··· THE DATA

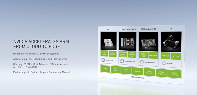 对于FTC的起诉,英伟达、Arm和软银则联合发布了长达49页的辩护书,强调Arm当前正在面临越来越高的研发成本,但由于Arm在移动处理器等主要市场的份额基本饱和,其IP授权和版税收入难以快速增加,面临着强大的竞争压力。而对于英伟达来说,它没有动机阻碍技术创新和不公正对待Arm客户。相反,英伟达认为双方的合并将加速人工智能等新技术的发展。除了不停强调Arm的独立和开放外,借收购东风,英伟达开始全面布局Arm生态。在2020年交易公布一个月后的GTC大会上,黄仁勋宣布在三个方面进行投资,包括将包括将GPU和DPU迁移到Arm生态上、加速高性能计算与云边端平台、向Arm提供英伟达AI、HPC、RTX引擎等先进SDK。
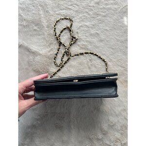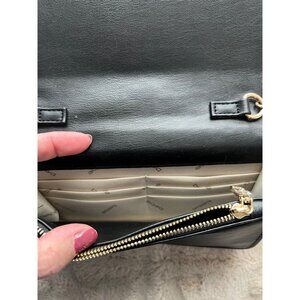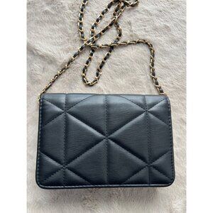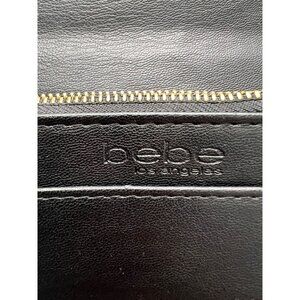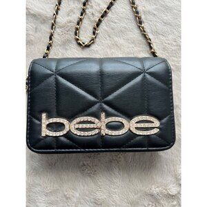 Bebe Quilted Black Leather Crossbody Purse With Gold Chain Strap & Rhinestone Lo
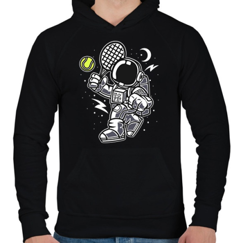 1 kép PRINTFASHION Tenisz a holdon - Férfi kapucnis pulóver - Fekete
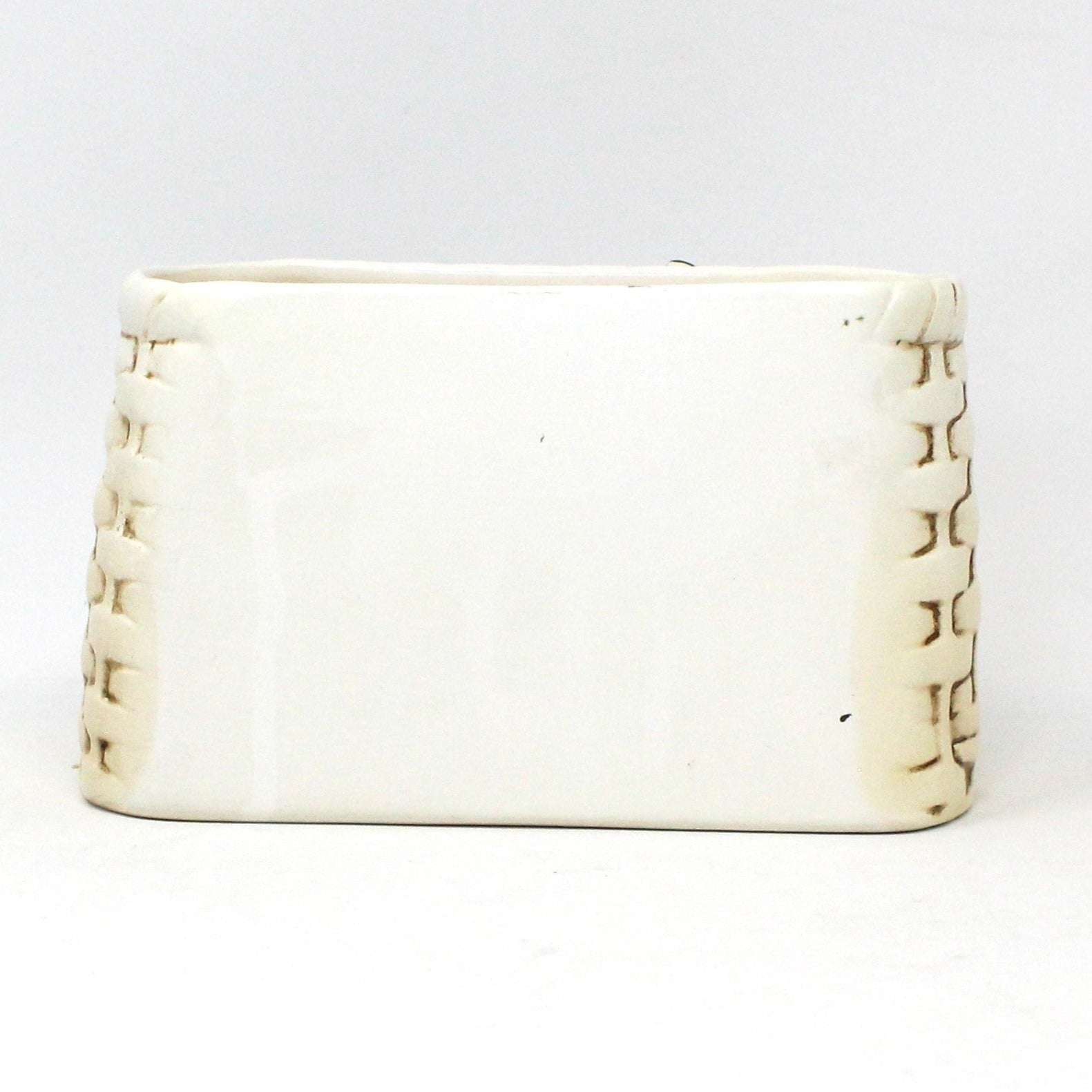 Planter / Vase, Napco, Fishing Creel Basket with Trout and Rod, Vintage Ceramic
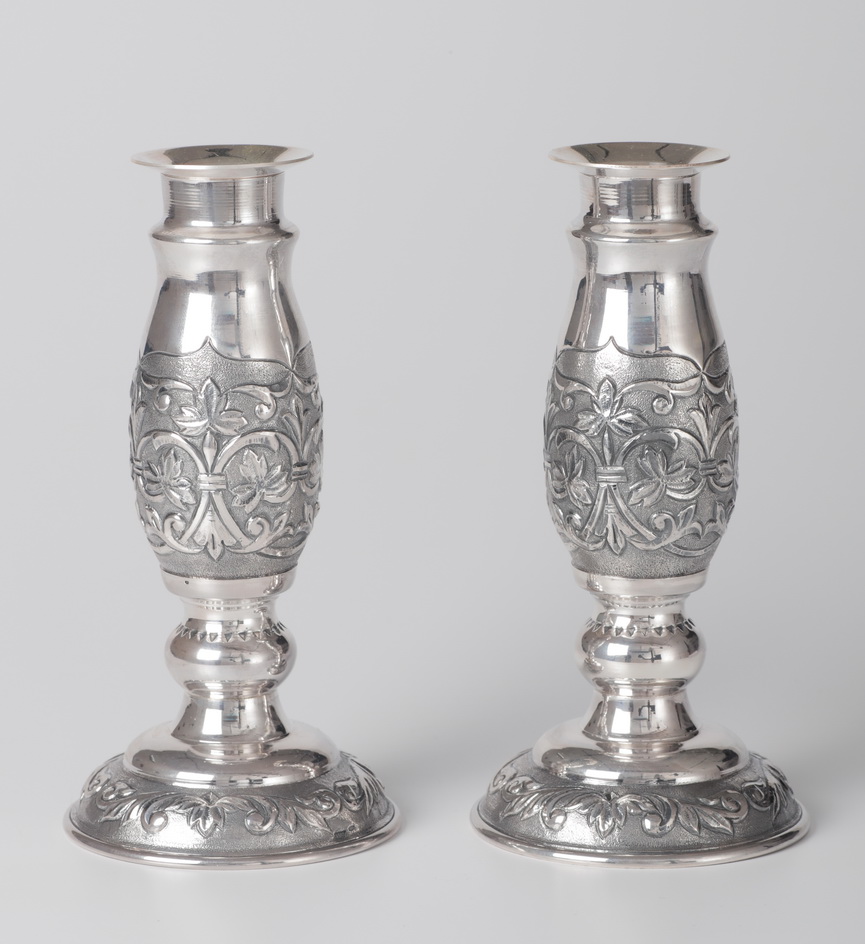 Подсвечник малый чеканка / 2 свечи / серебро (УИН)
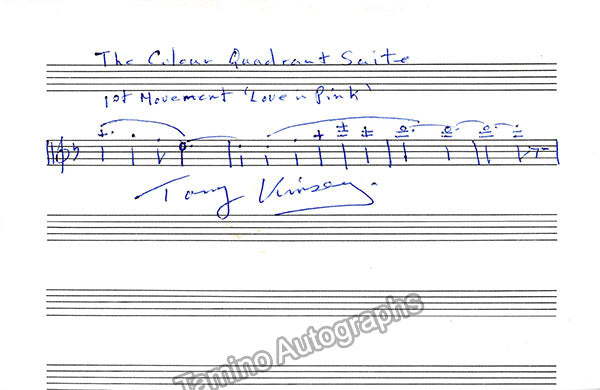 Autograph music quote with some bars from his work "The Colour Quadrant Suite" signed by him.  Size is 8.25 x 5.4 inches, in excellent condition.

······

▸ ACTIVITY:
The answer is to be the lines of the listing from the first through the one with "1 kép PRINTFASHION", reproduced exactly, without any pictures.

▸ SOLUTION BELOW:
 对于FTC的起诉,英伟达、Arm和软银则联合发布了长达49页的辩护书,强调Arm当前正在面临越来越高的研发成本,但由于Arm在移动处理器等主要市场的份额基本饱和,其IP授权和版税收入难以快速增加,面临着强大的竞争压力。而对于英伟达来说,它没有动机阻碍技术创新和不公正对待Arm客户。相反,英伟达认为双方的合并将加速人工智能等新技术的发展。除了不停强调Arm的独立和开放外,借收购东风,英伟达开始全面布局Arm生态。在2020年交易公布一个月后的GTC大会上,黄仁勋宣布在三个方面进行投资,包括将包括将GPU和DPU迁移到Arm生态上、加速高性能计算与云边端平台、向Arm提供英伟达AI、HPC、RTX引擎等先进SDK。
 Bebe Quilted Black Leather Crossbody Purse With Gold Chain Strap & Rhinestone Lo
 1 kép PRINTFASHION Tenisz a holdon - Férfi kapucnis pulóver - Fekete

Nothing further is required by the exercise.